REMINDER: Brown Shoes Don't Make It

“Nothing is more despicable than the old age of a passionate man. When the vigour of youth fails him, and his amusements pall with frequent repetition, his occasional rage sinks by decay of strength into peevishness; that peevishness, for want of novelty and variety, becomes habitual; the world falls off from around him, and he is left, as Homer expresses it, to devour his own heart in solitude and contempt.” Dr. Johnson

“The first time Wilco singer Jeff Tweedy, 47, heard the phrase ‘dad rock,’ he was reading a Pitchfork review of his band’s 2007 album, Sky Blue Sky, which a writer said ‘nakedly exposes the dad-rock gene Wilco has always carried but courageously attempted to disguise.’ This was followed by a series of negative adjectives synonymous with dad music, including ‘passive,’ ‘domestic’ and ‘lackluster.’ Tweedy’s response, he recently told an interviewer from Esquire (a dad magazine if there ever was one), was visceral: ‘Ouch.

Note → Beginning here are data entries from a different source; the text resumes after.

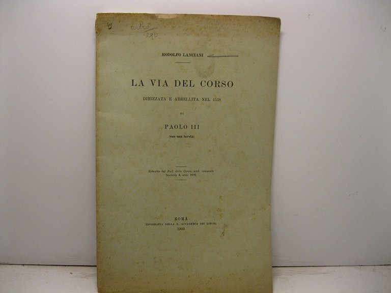 La via del Corso dirizzata e abbellita da Paolo III (con una tavola) Estratto dal Bull. della Comm. arch. comunale (fascicolo 4, anno 1902)
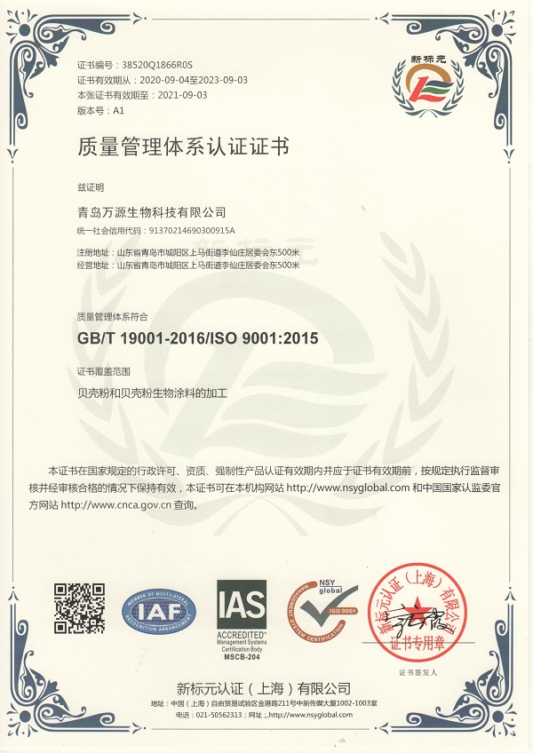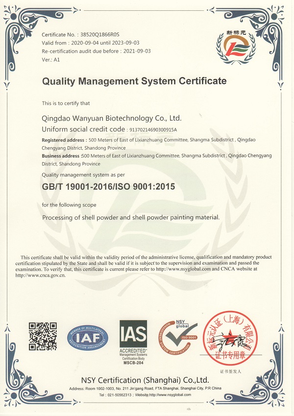 證書覆蓋范圍:貝殼粉和貝殼粉生物涂料的加工
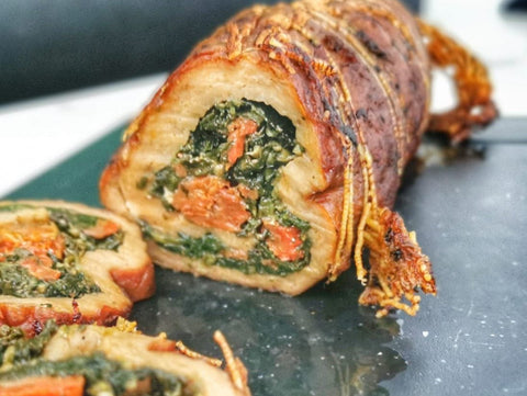 Ho fatto un’arrosto ripieno di spinaci formaggio veg e pomodorini semisecchi super buono😋
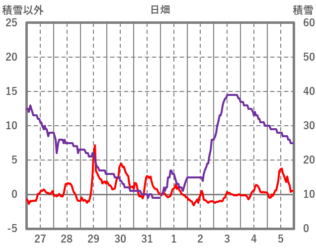 | 日 | 時 | 気温 | 降水 | 風向/風速 | 日照 | 積雪 | 降雪 |
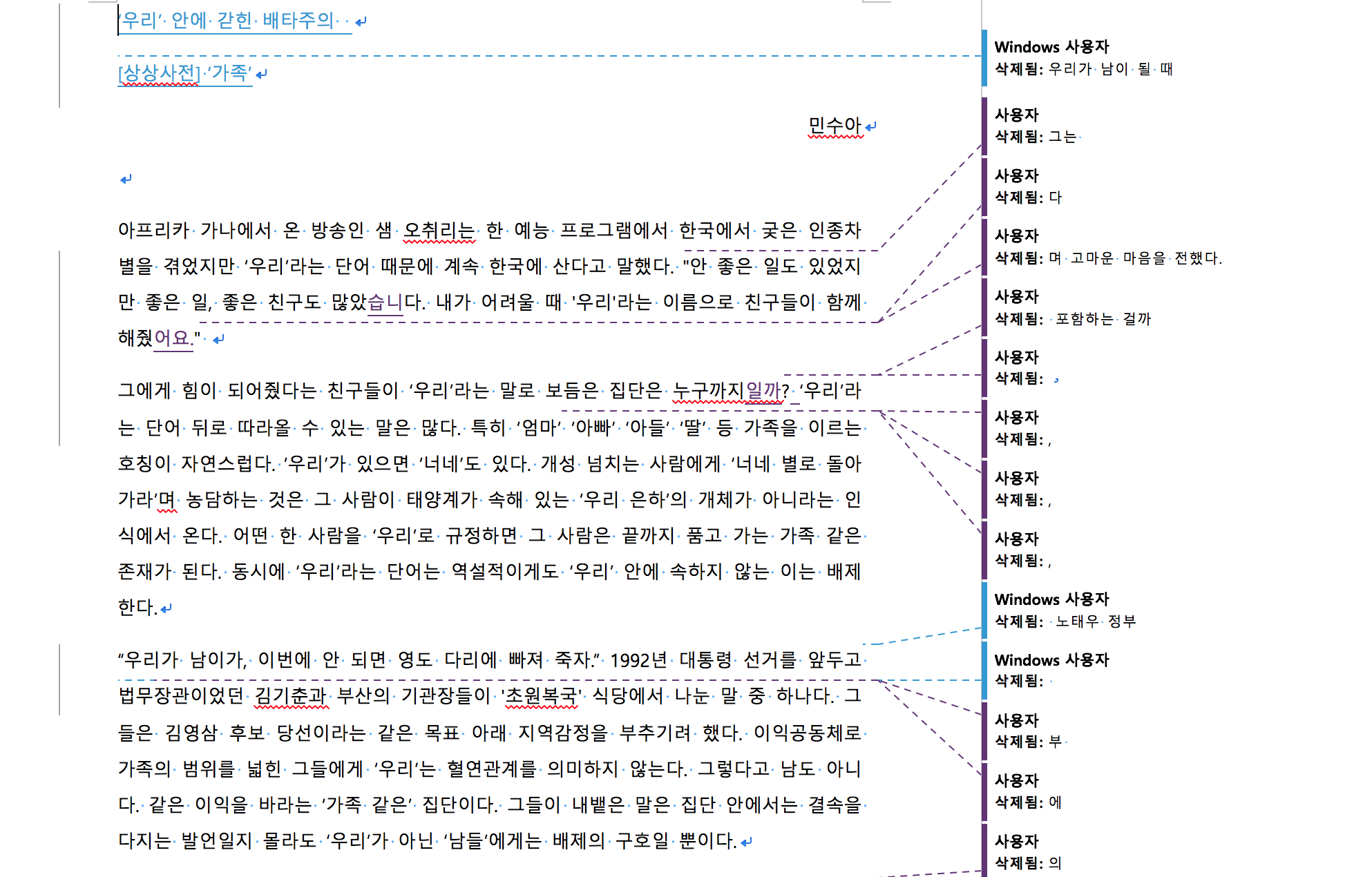 오늘은 민수아 기자의 칼럼 <‘우리’ 안에 갇힌 배타주의> 입니다. 어릴적 '영도다리 밑에서 주워 왔으니 진짜 부모 찾아가라'는 부모님의 농담에 겁을 먹었던 기억부터 박근혜 정부 블랙리스트까지. '우리'라는 말의 배타성이 실은 얼마나 폭력적인지에 관한 성찰을 다양한 사례로 쉽게 풀었습니다. 자세한 내용은 기사를 통해 확인하세요!
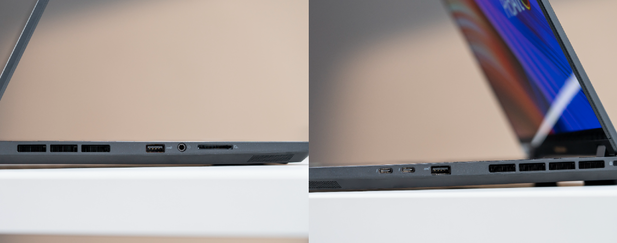 从布局来看,左右各有一个USB大口,保证了日常外接鼠标、U盘等设备的易用性。两个雷电4口则意味着ProArt 创16 2023的扩展性强大,快速传输大量文件素材,或者搭配扩展坞实现极为丰富的设备接驳都能轻松搞定。
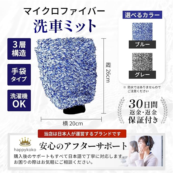 【自動車整備士監修】~監修コメント~「大切な車とあなたの手を守る、安心設計」 マイクロファイバー+スポンジ+ポリエステルの3層構造で、車の塗装を傷つける心配なし。手首部分の柔らかい素材が手を優しく保護し、怪我のリスクを軽減します。
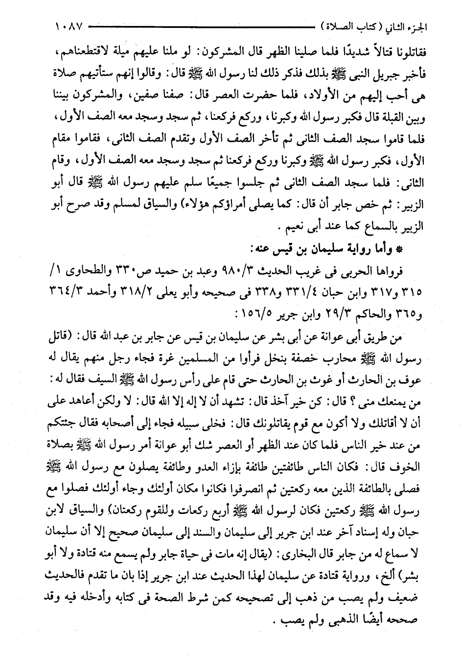 من طريق أبي عوانة عن أبي بشر عن سليمان بن قيس عن جابر بن عبد الله قال: (قاتل رسول الله - صلى الله عليه وسلم - محارب خصفة بنخل فرأوا من المسلمين غرة فجاء رجل منهم يقال له عوف بن الحارث أو غوث بن الحارث حتى قام على رأس رسول الله - صلى الله عليه وسلم - السيف فقال له: من يمنعك مني؟ قال: كن خير آخذ قال: تشهد أن لا إله إلا الله قال: لا ولكن أعاهد على أن لا أقاتلك ولا أكون مع قوم يقاتلونك قال: فخلى سبيله فجاء إلى أصحابه فقال جئتكم من عند خير الناس فلما كان عند الظهر أو العصر شك أبو عوانة أمر رسول الله - صلى الله عليه وسلم - بصلاة الخوف قال: فكان الناس طائفتين طائفة بإزاء العدو وطائفة يصلون مع رسول الله - صلى الله عليه وسلم - فصلى بالطائفة الذين معه ركعتين ثم انصرفوا فكانوا مكان أولئك وجاء أولئك فصلوا مع رسول الله - صلى الله عليه وسلم - ركعتين فكان لرسول الله - صلى الله عليه وسلم - أربع ركعات وللقوم ركعتان) والسياق لابن حبان وله إسناد آخر عند ابن جرير إلى سليمان والسند إلى سليمان صحيح إلا أن سليمان لا سماع له من جابر قال البخاري: (يقال إنه مات في حياة جابر ولم يسمع منه قتادة ولا أبو بشر) ألخ، ورواية قتادة عن سليمان لهذا الحديث عند ابن جرير إذا بان ما تقدم فالحديث ضعيف ولم يصب من ذهب إلى تصحيحه كمن شرط الصحة في كتابه وأدخله فيه وقد صححه أيضًا الذهبي ولم يصب.
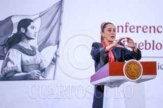 CIUDAD DE MÉXICO, 10ENERO2025.- Edna Vega Rangel, titular de la SEDATU, muestra el plan nacional de vivienda y como se configurará en la República Mexicana, durante la mañanera del pueblo. FOTO: MOISÉS PABLO/CUARTOSCURO.COM
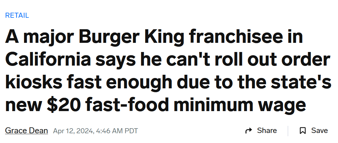 Few recent events have showcased the absurdity of how pay is discussed in our current system like California raising the minimum wage for fast food workers to $20/hr. Corporate media has responded by collectively losing its mind, and deciding to trot out one “small business owner” after another to say it’s simply impossible to pay people in accordance with the new law. These guys say they’ll be “forced” to automate jobs and fire workers and raise prices. But when we dig in just a little bit, a few key details are being left out of these stores. Let’s take one example.
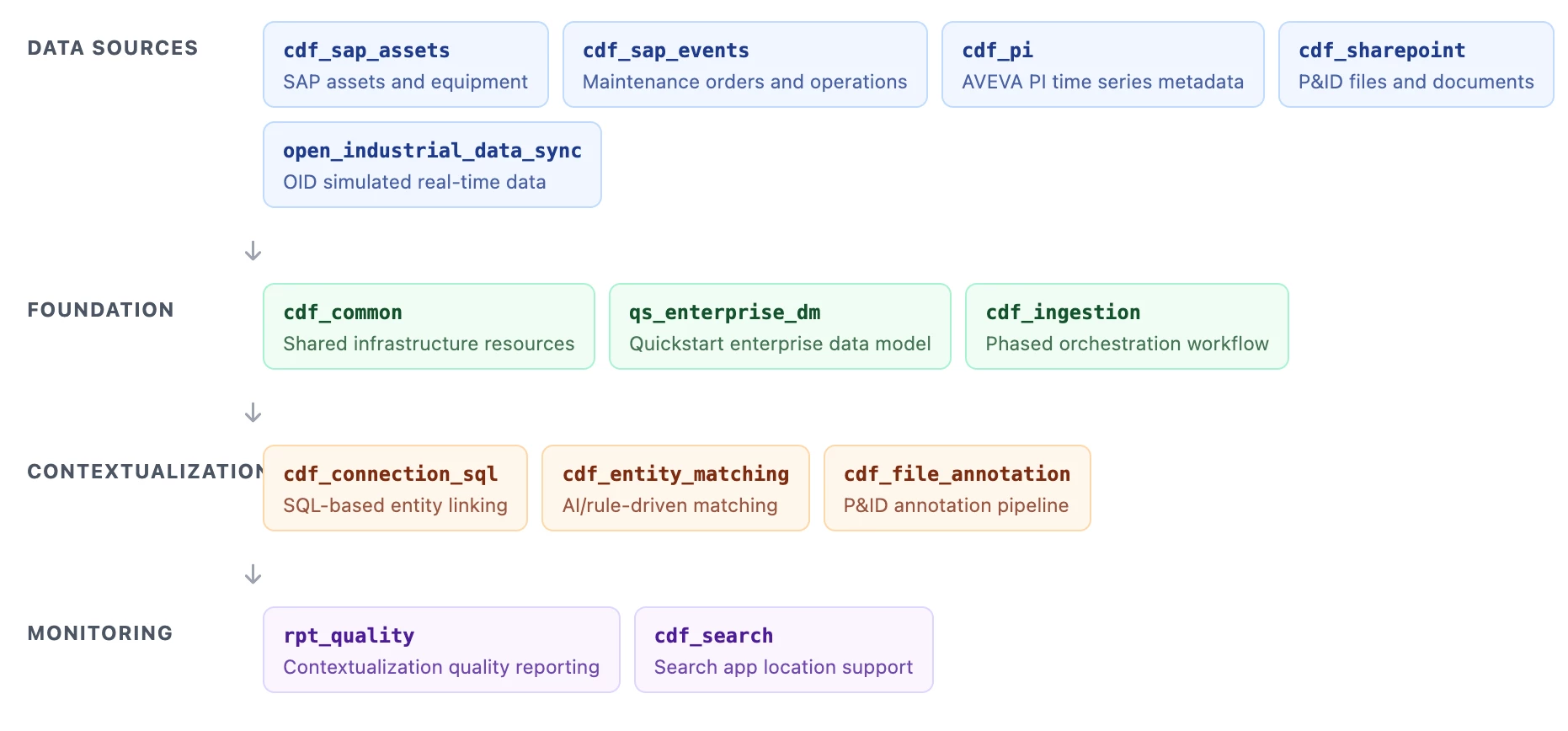 QS DP bundles integrated modules across source ingestion, foundation, contextualization, and monitoring so you can run a full data-to-context pipeline in a predictable sequence.

Wow.’” Rob Tannenbaum

Homer: I was in a record store, and they were playing all these bands I’d never heard of. It was like the store had gone crazy. Why do you need new bands? Everyone knows rock attained perfection in 1974. It’s a scientific fact.
Marge: Record stores have always seemed crazy to me. Music is none of my business.
Homer: That’s all well and good for you, but I used to rock and roll all night and party every day. Then it was every other day… now I’m lucky to find half an hour a week in which to get funky. I’ve got to get out of this rut and back into the groove.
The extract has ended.